A Radical Idea: Consumers To Rescue Health Care
This article is from the archive of The New York Sun before the launch of its new website in 2022. The Sun has neither altered nor updated such articles but will seek to correct any errors, mis-categorizations or other problems introduced during transfer.

Governor Spitzer is only now discovering how difficult it is to try to rein in the cost of health care. Senator Clinton slipped on this banana peel issue some time ago, and others will surely follow.
The rising cost of taking care of the nation’s sick has become one of the major health issues for the economy. Health care expenditures in 2006 are estimated at $2 trillion, and are forecast to rise to $4 trillion in 2013. The problem is so complex and the interest groups so embedded as to be overwhelming. It’s a wonder we haven’t fallen back on that crisis management tactic so peculiar to our democracy and created a health care tsar.
It’s also a wonder that engaging the consumer — a proven and effective tool for containing medical expenses — has, until recently, been woefully neglected. Allowing the patient to become an informed decision-maker would need relatively little investment but does require a change in viewpoint, which may be just as challenging.
Consumerism in health care is a rapidly growing field being fertilized by the Internet, of course. Information hitherto guarded by doctors, insurers, and pharmaceutical benefits managers, among others, is now seeping into Web sites and chat rooms, raising questions and empowering consumers.
Consider a privately owned company called ClinicaHealth, founded by David Greene. Mr. Greene suffers from Von Hippel-Lindau syndrome, a rare genetic disease afflicting just 10,000 people worldwide. Frustrated by a lack on information available about his illness, Mr. Greene reached out over the Internet and formed a support group. On the secure site, people share personal histories, advice on symptom management, and anecdotal information relevant to patient support and care.
The discovery was a turning point in Mr. Greene’s life, inspiring him to develop similar networks for other diseases. Clients include such organizations as the Lung Cancer Alliance and the Arthritis Foundation.
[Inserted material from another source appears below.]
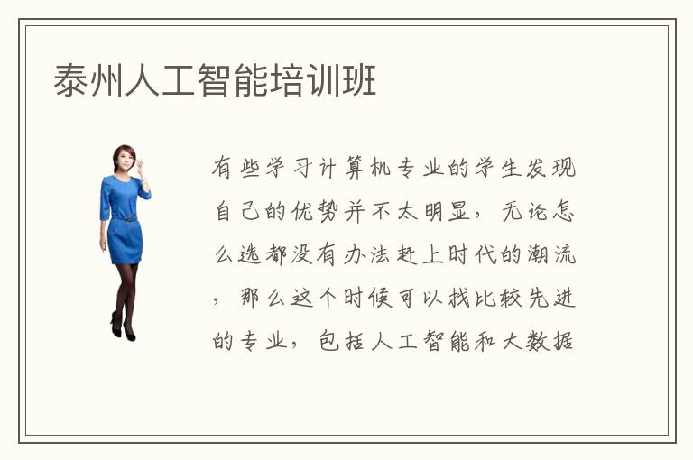 有些学习计算机专业的学生发现自己的优势并不太明显,无论怎么选都没有办法赶上时代的潮流,那么这个时候可以找比较先进的专业,包括人工智能和大数据分析等等,进行针对性的培训,相信就能够发挥更好的优势。当然不是所有人都适合要针对自己的兴趣爱好来选择,有些人学习比较慢,还可以找培训机构进行改善。泰州人工智能培训人工智能培训班技术如何,要是能找等级比较高的培训机构,往往效果是非常优越的。但也不排除有些人找到小学校,虽然费用便宜,但是很难保证成果。泰州人工智能培训班水平大多数都还不错,有些专业培训班的技术水平非常高,老师的经验也特别丰富,因此能保障效果。泰州人工智能培训班找工作难不难,很多培训班找工作还是相对简单,有些培训机构能够针对学生的就业形势,采用合适的调整方案,在职业生涯中保持优势。

The economic opportunity for Mr. Greene is selling ads on the Web sites and the probability of his firm producing patients available for drug industry clinical trials. These trials involve more than 1 million Americans each year; drug companies spend untold time and more than $3.75 billion recruiting these patients. As part of the support group sign-up, joiners are asked if they would be willing to participate in a trial. More than 80% are interested in doing so.
Mr. Greene was one of the participants the other day in a roundtable discussion hosted by a group called Lyceum Associates, headed by Syd Williams. Mr. Williams provides a forum where fund managers, private equity investors, and corporate types can exchange information and ideas on topics of interest, and he follows this up with publications available by subscription.
Also at the forum was the president of StrongSquare, Ron Davis. This start-up company provides information on drug pricing and alternative medications on the Internet to pharmacy benefits managers and health plans. It also acts on behalf of employers to make sure their employees are getting the lowest possible prices on drugs. The broader goal, ultimately, is to allow consumers to buy their medication at the lowest cost, from the best available sources. The company informs consumers about generic alternatives, for example, or suggests less expensive substitutes in the same therapeutic category.
“I can help a consumer drop the price of his medications by 60%,” Mr. Davis says. Given that prescription drug outlays totaled more than $200 billion last year, such savings could be a big help in controlling medical costs.
Even people who are covered by a health plan could benefit materially from the information available from StrongSquare, according to Mr. Davis. As companies attempt to hold down their plan costs, many have resorted to increasing the employees’ share of the costs, known as the co-pay. As co-pays rise, consumers are shelling out more for prescription drugs. Access to the StrongSquare program could allow them to look for drugs with lower co-pays.
At the moment, StrongSquare is still operating mainly through PBMs and health plans, but that could change. The company is in discussions with the office of the governor of Washington, home of StrongSquare, about a new state program to help uninsured people buy drugs at lower prices. There is a chance the company will soon be able to provide uninsured consumers with the kind of pricing information hitherto available only to corporations.
The CEO of Medication Management Systems, David McLean, offers a different approach to trimming health care costs. His company is involved in medication therapy management, a fast-growing service that attempts to optimize a patient’s drug regimen. The concept is that a pharmacist, in conjunction with the primary care provider, reviews a patient’s complete list of medications, including dietary supplements and alternative medicines, and checks to see that they are appropriate, effective, and safe.
The rationale for this extra layer of care is that an estimated 70% of people taking medication will at some point be harmed by the drugs they take. The damage done through patients being given inappropriate prescriptions or through harmful drug interactions costs the country some $100 billion every year. MTM has only recently become a reimbursable expense, which opens the door for substantial growth.
All of these companies surely underscore the value of making more medical information available to the public. There has been continual chatter about the need for electronic health records, but the medical community is indeed slow to innovate. As in other sectors of the industry, it may well be that corporations with profits at risk finally undertake measures that move doctors and hospitals forward in this area.